At the sound of Monk's mild voice, Victor Vail registered great remorse. Obviously, he was terribly sorry for that crack he had taken at Monk's head with the paper weight.

"I do not know how I shall ever redeem myself for my horrible mistake," choked the blind man. "Ben O'Gard told me an awful story of how you men were holding me here to keep me from seeing him. I believed O'Gard. I know I was a fool to do that now, but at the time, I regarded O'Gard as a friend who had twice saved my life. He told me to escape and come to him. That is why I struck you."

"Forget it!" chuckled Monk.

Renny spoke up. "What baffles me is why Ben O'Gard took over the dentist's office."

Doc's strong lips warped their faint smile.

"Simple," he said. "Ben O'Gard wanted to use the dentist's X ray!"

* * *

THIS STATMENT elicited surprised looks from every one present.

"X ray!" Renny grunted. "Why'd they want the X ray?"

"I'll show you the reason in a minute," Doc replied. "First, though, I want to find out what Ham learned about the liner Oceanic."

Ham now divulged the information which several transatlantic telephone calls to England had gathered.

"On the English records, the liner Oceanic is down as lost at sea-sunken without trace," Ham said. "There's no hint of this stuff about it being trapped in the polar ice pack."

"I'm not surprised," Doc Savage said dryly.

"I've got something that will surprise you," Ham smiled. "There was fifty million dollars in gold bullion and diamonds on the Oceanic!"

An electric shock seemed to sweep the room.

"Fifty million!
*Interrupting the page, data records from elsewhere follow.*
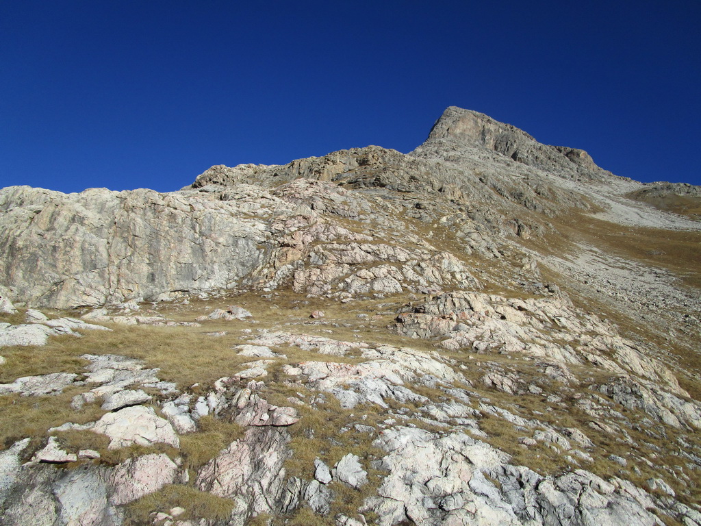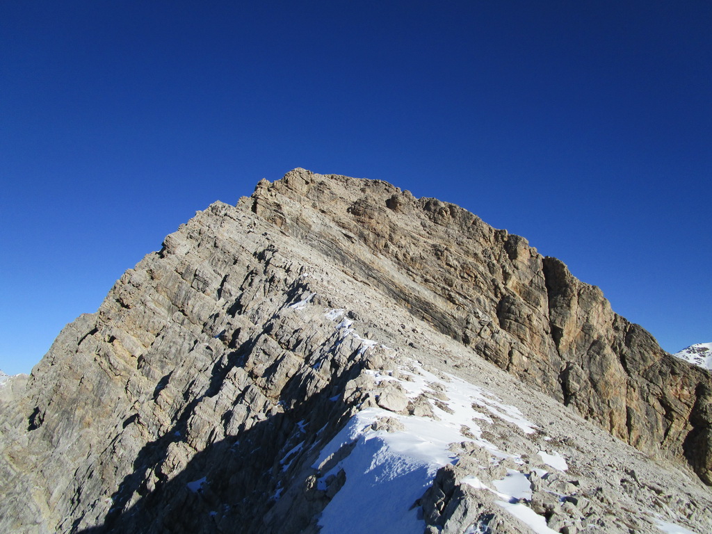 Otáčam sa a pokračujem na vrchol krásnym vzdušným hrebeňom. Prechádzam po naklonenej vápencovej platni. Výhľady na všetky strany. Berninské Alpy ako na dlani. Na druhú stranu Val de Fain a za kopčekmi dole je už Livigno. Desiatky kopcov na ktorých som ešte nebol... Celá Pizzeria ako vravieval Giorgio...
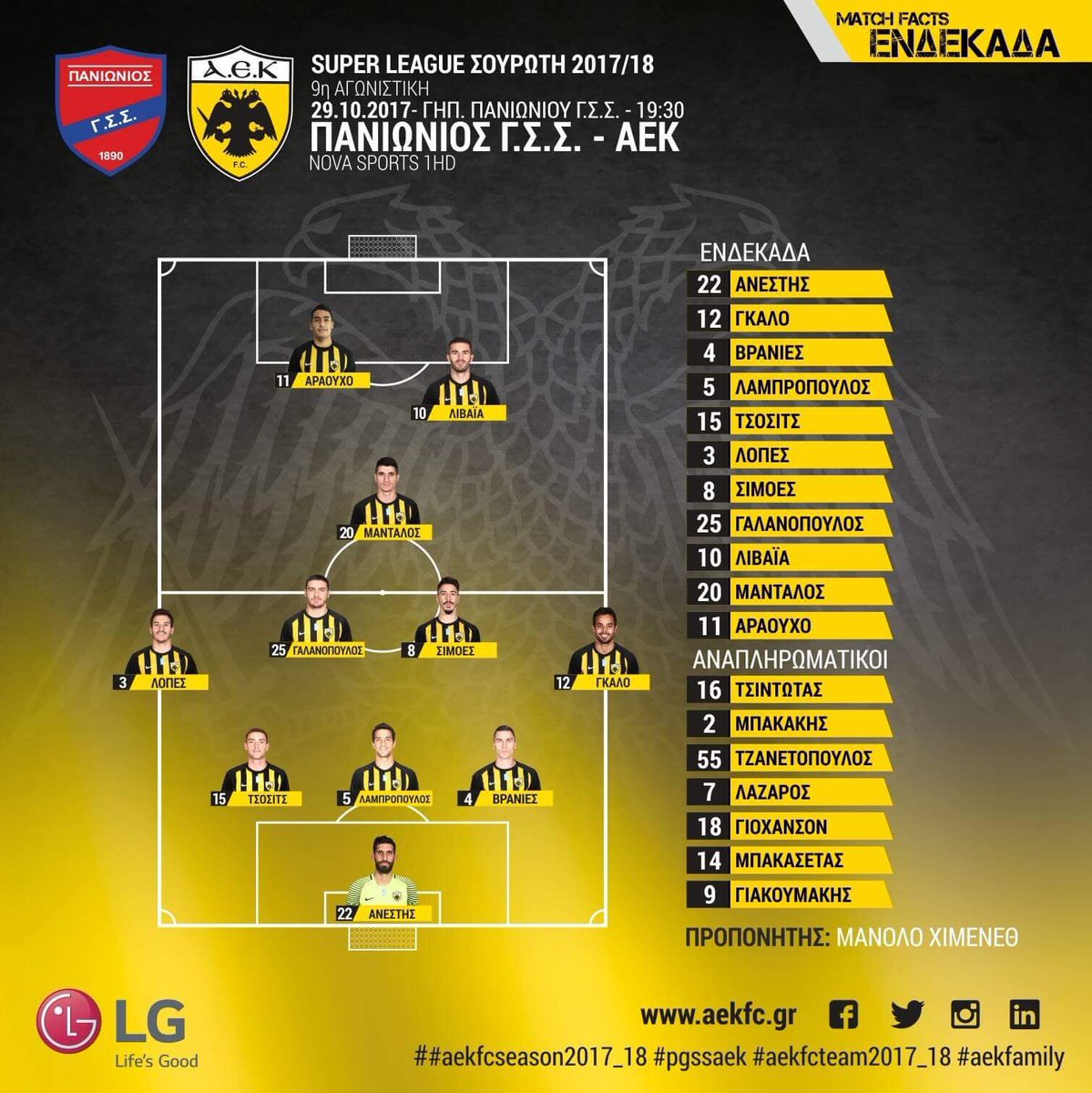 Αυτή είναι η ενδεκάδα της ΑΕΚ στο ματς με τον Πανιώνιο 29/10/2017 Ανακοινώθηκε η ενδεκάδα της ΑΕΚ για την αναμέτρηση με τον Πανιώνιο. Για το ματς της Νέας Σμύρνης ο Μανόλο Χιμένεθ θα κατεβάσει την ομάδα του με διάταξη 3-5-2. Ο Ισπανός τεχνικός θα παρατάξει την Ένωση με τον Ανέστη κάτω από τα δοκάρια. Η τριπλέτα της άμυνας θα αποτελείται από τους Βράνιες, Λαμπρόπουλο και Τσόσιτς, με τους Γκάλο (δεξιά) και Λόπες (αριστερά) στα άκρα. Στον άξονα το δίδυμο θα είναι οι Σιμόες και Γαλανόπουλος, με τον Μάνταλο να κινείται λίγο πιο μπροστά σε ελεύθερο ρόλο. Τέλος μπροστά θα αγωνιστούν οι Λιβάγια και Αραούχο. ΔΙΑΒΑΣΤΕ ΕΠΙΣΗΣ
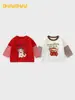 Camiseta de Manga Larga Base para Niños DUUDUU Colección Primavera 2026 Cuello Redondo Bebé Pequeño Falso Dos Piezas Estilo Coreano Camiseta Infantil
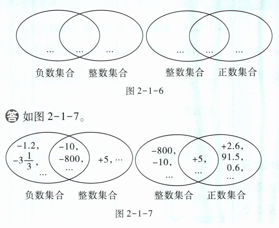 如图2-1-6,将$-1.2,-10,+2.6,-800,-3\frac{1}{3},91.5,0.6,+5$填入相应集合的圈内。

Will you say that again!" Monk said mildly.

"Fifty million in gold and sparklers," repeated Ham impressively.

"That explains it!" Doc declared.

"Explains what?" Renny wanted to know.

"What's behind this whole mess," retorted Doc. "Come into the laboratory. I want to show you something, brothers."

It was an excited crowd of adventurers which surged into the vast laboratory room.

From a tray. Doc lifted several large photographic prints. These were X ray pictures which he had taken of Victor Vail in his course of examining the violinist to determine his eve affliction. Until now, Doc had not had time to as much as examine the prints.